1.To run this sample code, you will need the following packages:
pillow
protobuf
sentencepiece
torch
transformers
Note: You may temporarily need to install transformers from source since MAIRA-2 requires transformers>=4.46.0.dev0. Due to an incompatible commit in transformers main, the current fix is to install a transformers version from or after commit 88d960937c81a32bfb63356a2e8ecf7999619681 but before commit 0f49deacbff3e57cde45222842c0db6375e4fa43.
Install required dependencies (e.g., Python, PyTorch, Transformers). Refer to the Installation Guide for detailed instructions.
pip install git+/~https://github.com/huggingface/transformers.git@88d960937c81a32bfb63356a2e8ecf7999619681
First, initialise the model and put it in eval mode
from transformers import AutoModelForCausalLM, AutoProcessor
from pathlib import Path
import torch
model = AutoModelForCausalLM.from_pretrained("microsoft/maira-2", trust_remote_code=True)
processor = AutoProcessor.from_pretrained("microsoft/maira-2", trust_remote_code=True)
device = torch.device("cuda")
model = model.eval()
model = model.to(device)
We need to get some data to demonstrate the forward pass. For this example, we'll collect an example from the IU X-ray dataset, which has a permissive license.
import requests
from PIL import Image
def get_sample_data() -> dict[str, Image.Image | str]:
"""
Download chest X-rays from IU-Xray, which we didn't train MAIRA-2 on. License is CC.
We modified this function from the Rad-DINO repository on Huggingface.
"""
frontal_image_url = "https://openi.nlm.nih.gov/imgs/512/145/145/CXR145_IM-0290-1001.png"
lateral_image_url = "https://openi.nlm.nih.gov/imgs/512/145/145/CXR145_IM-0290-2001.png"
def download_and_open(url: str) -> Image.Image:
response = requests.get(url, headers={"User-Agent": "MAIRA-2"}, stream=True)

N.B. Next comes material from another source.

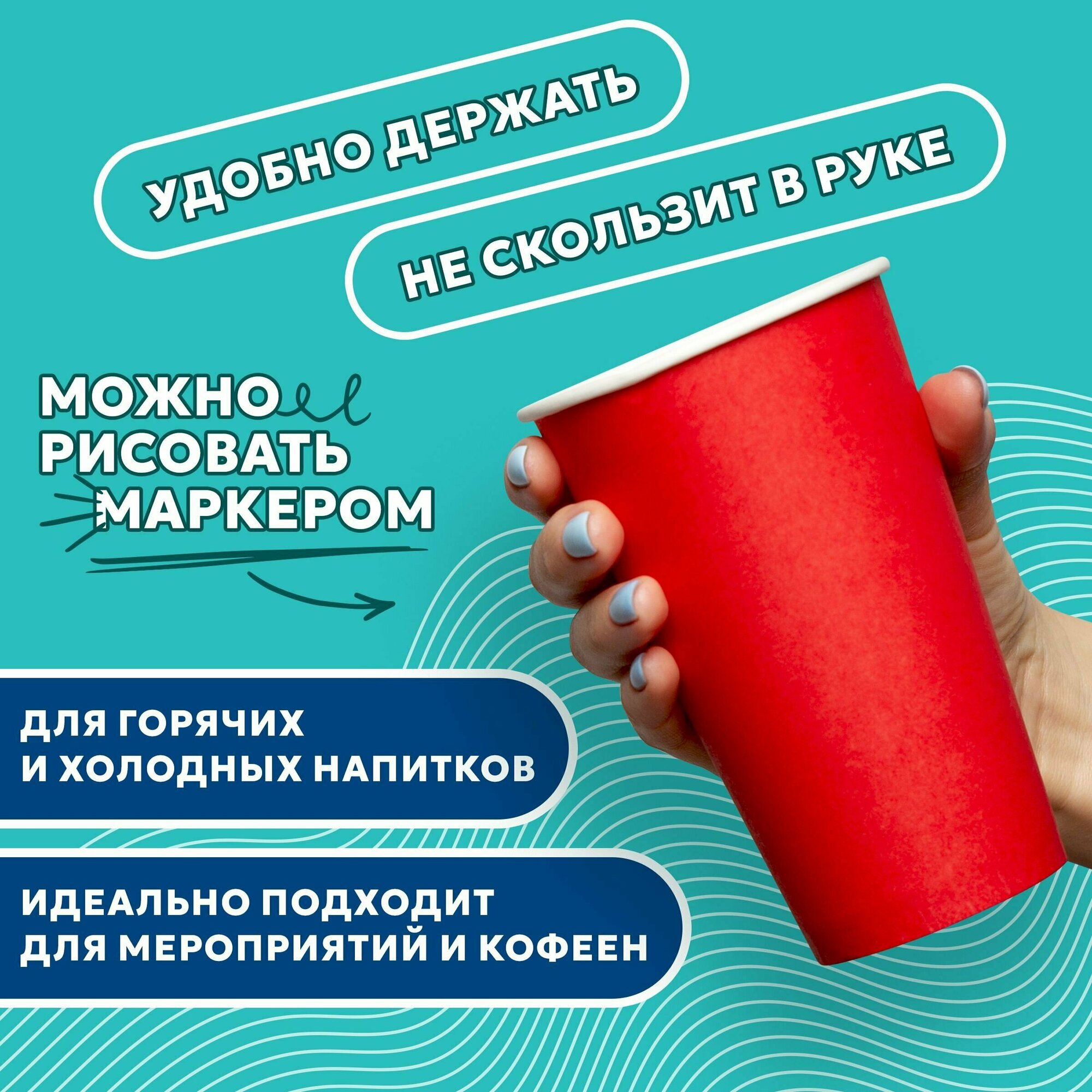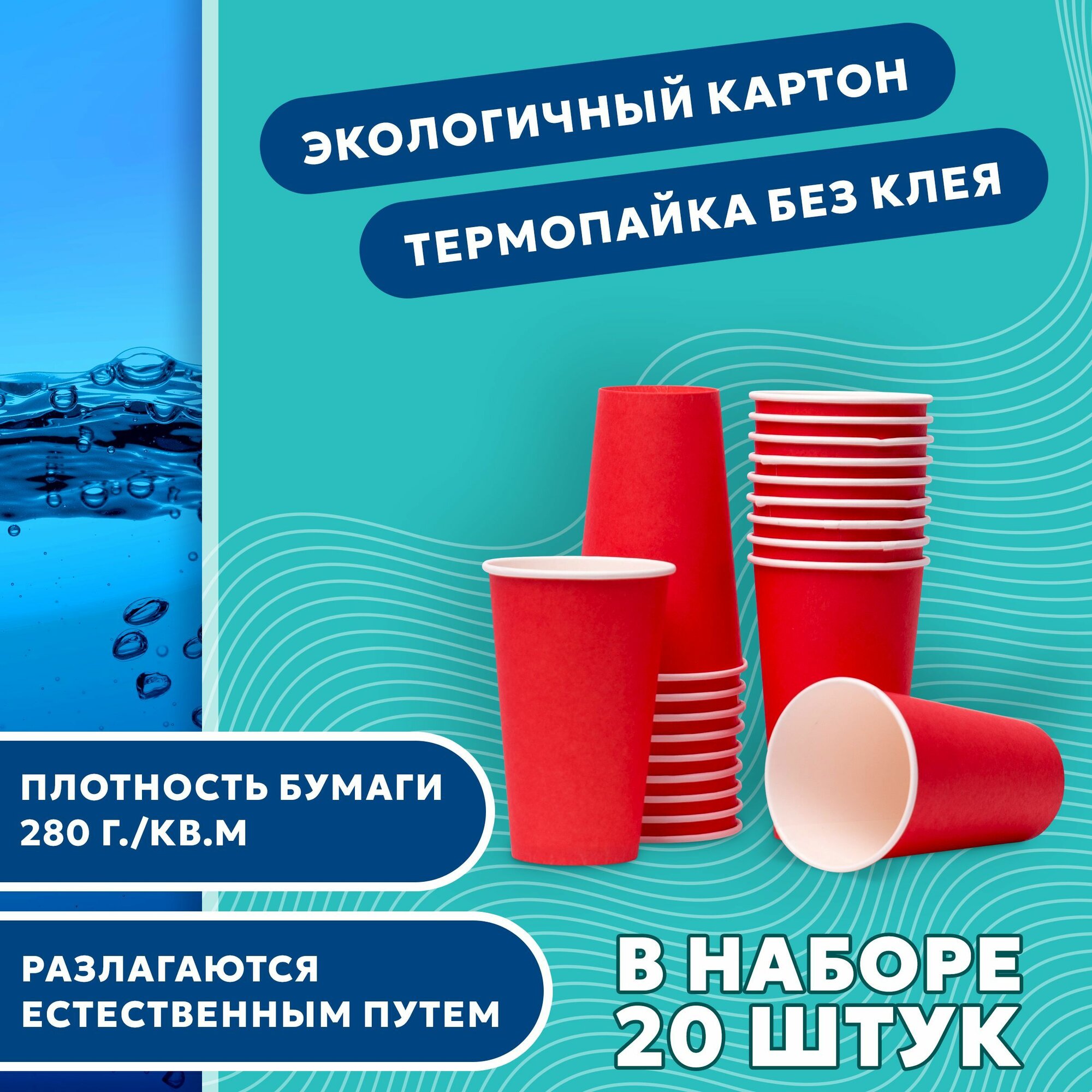 СохранитьНабор одноразовых стаканов гриникс, объем 450 мл 20 шт. красные, бумажные, однослойные, для кофе, чая, холодных и горячих напитков интересное:

return Image.open(response.raw)
frontal_image = download_and_open(frontal_image_url)
lateral_image = download_and_open(lateral_image_url)
sample_data = {
"frontal": frontal_image,
"lateral": lateral_image,
"indication": "Dyspnea.",
"comparison": "None.",
"technique": "PA and lateral views of the chest.",
"phrase": "Pleural effusion." # For the phrase grounding example. This patient has pleural effusion.
}
return sample_data
sample_data = get_sample_data()
We did not originally train MAIRA-2 using the exact model class provided here, however we have checked that its behaviour is the same. We provide this class to facilitate research re-use and inference.
MAIRA-2 was trained on a mix of public and private chest X-ray datasets. Each example comprises one or more CXR images and associated report text, with or without grounding (spatial annotations). The model is trained to generate the findings section of the report, with or without grounding.
Dataset | Country | # examples (ungrounded) | # examples (grounded) |
---|---|---|---|
MIMIC-CXR | USA | 55 218 | 595* |
PadChest | Spain | 52828 | 3122 |
USMix (Private) | USA | 118031 | 53613 |
*We use the MS-CXR phrase grounding dataset to provide `grounding' examples from MIMIC-CXR. |
MAIRA-2 is composed of the image encoder RAD-DINO-MAIRA-2 (used frozen), a projection layer (trained from scratch), and the language model vicuna-7b-v1.5 (fully fine-tuned).
Data Providers: MIMIC‑CXR, PadChest, USMix, and IU‑Xray.